Утром снова поднимаюсь ни свет ни заря — по инерции, вероятно. За окном ещё темно. Кое-как продирая глаза, я сонно сползла вниз, даже не посмотрев на время. На кухне опрокинув в себя чашку отборного хозяйского эспрессо, первым делом направилась проверить состояние пациентки.
Солнечный диск едва показался на горизонте, и перед рассветом холод пробирал до костей, жаль джинсовку в доме оставила. Ветер мёл пыль прямо в лицо, так что я не сразу заметила, что у дома пациентки кто-то есть. У крыльца я услышала их голоса. Первый из них — голос Андрея — был весьма и весьма зол. Они с Кириллом стояли перед открытой дверью и что-то горячо обсуждали. Я остановилась так, чтобы меня видели, но близко подходить опасалась.
— Это несерьёзно. Вы оба ответите отцу за эту глупость, — отчитывал Андрей ничуть не расстроенного Кирилла. — Лика под моей охраной, если с ней что-то случится, я должен буду ответить перед Драмиром за всё, что было в его отсутствие. Думаешь, если отца нет — ты старший? Я выдал чёткие инструкции.

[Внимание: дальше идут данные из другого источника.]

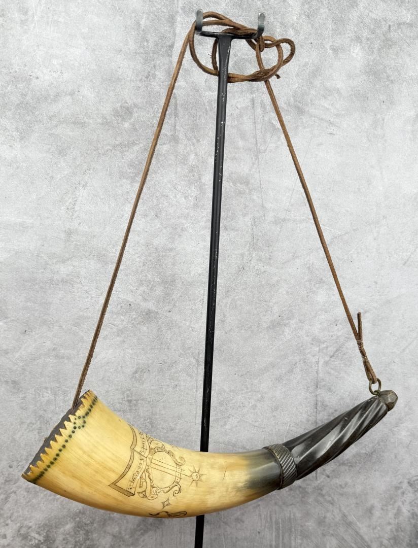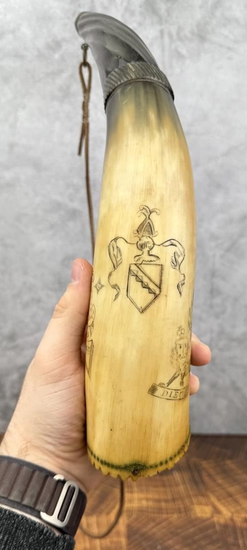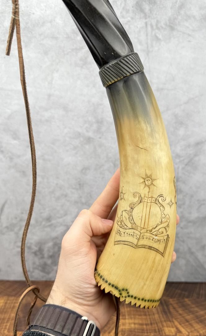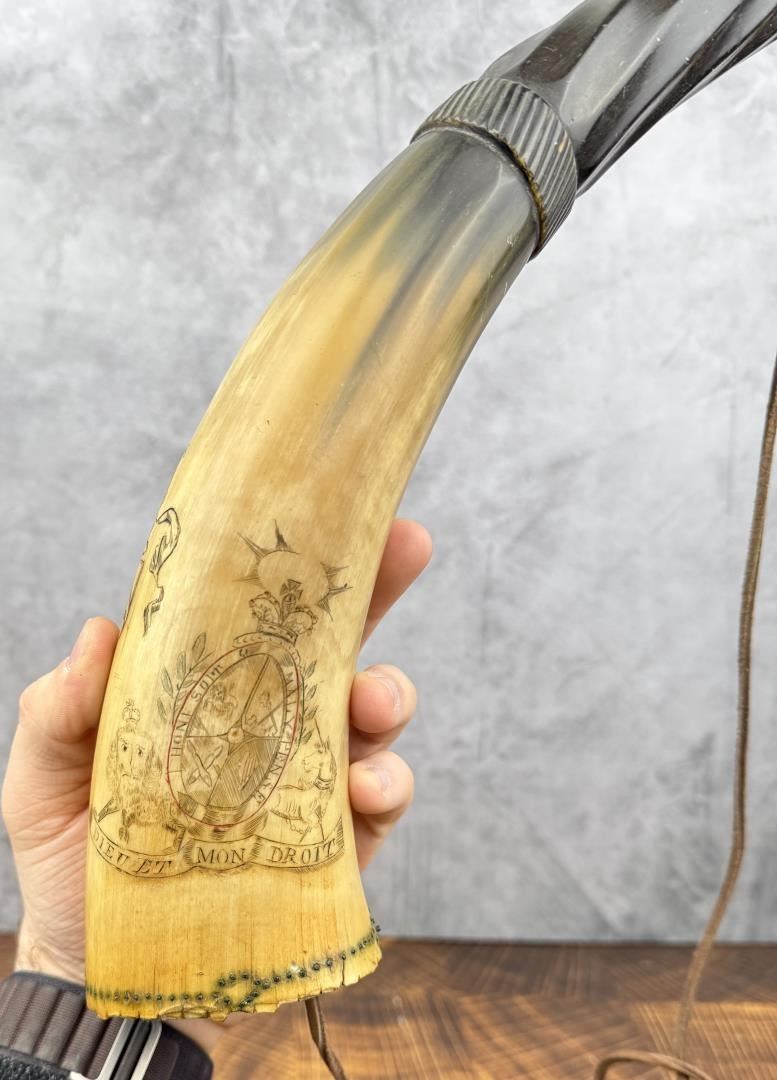 British Coat of Arms, Harp with sheet music, Heraldic Coat of Arms. Tacking along bottom edge. Twisted carving near tip as shown. Very nice example. 14" long.

Младший только отмахнулся.
— Всё путём, Андрэ, у Лики теперь сынишка-альфа. Вы все мне должны спасибо сказать.
— Если бы она не выжила? Я же велел сразу звонить Дэну.
— Ты не велел, ты советовал.
— Ты зачем Лику новенькой подкинул? — Андрей рассержен ни на шутку, я бы на месте Кирилла не отважилась спорить с ним в таком состоянии.
Меня как будто не существовало. Они были поглощены друг другом, и я не могла пройти мимо них не потревожив.
— Посмотреть. Вы сами с отцом велели проверить, подходит ли, — спокойно ответил мальчишка.
— И как? — внезапно сменил настроение старший брат, сложив руки на груди смотрел скептически.
— Подходит.
Повисла безмолвная пауза. В течение которой старший Ростовцев, постукивая указательным пальцем по плечу, решал, насколько серьёзно можно расценивать слова младшего.
— Кирка, тебе решать, — напоминает строгим тоном Андрей. — От этого твоя жизнь зависит. Уверен?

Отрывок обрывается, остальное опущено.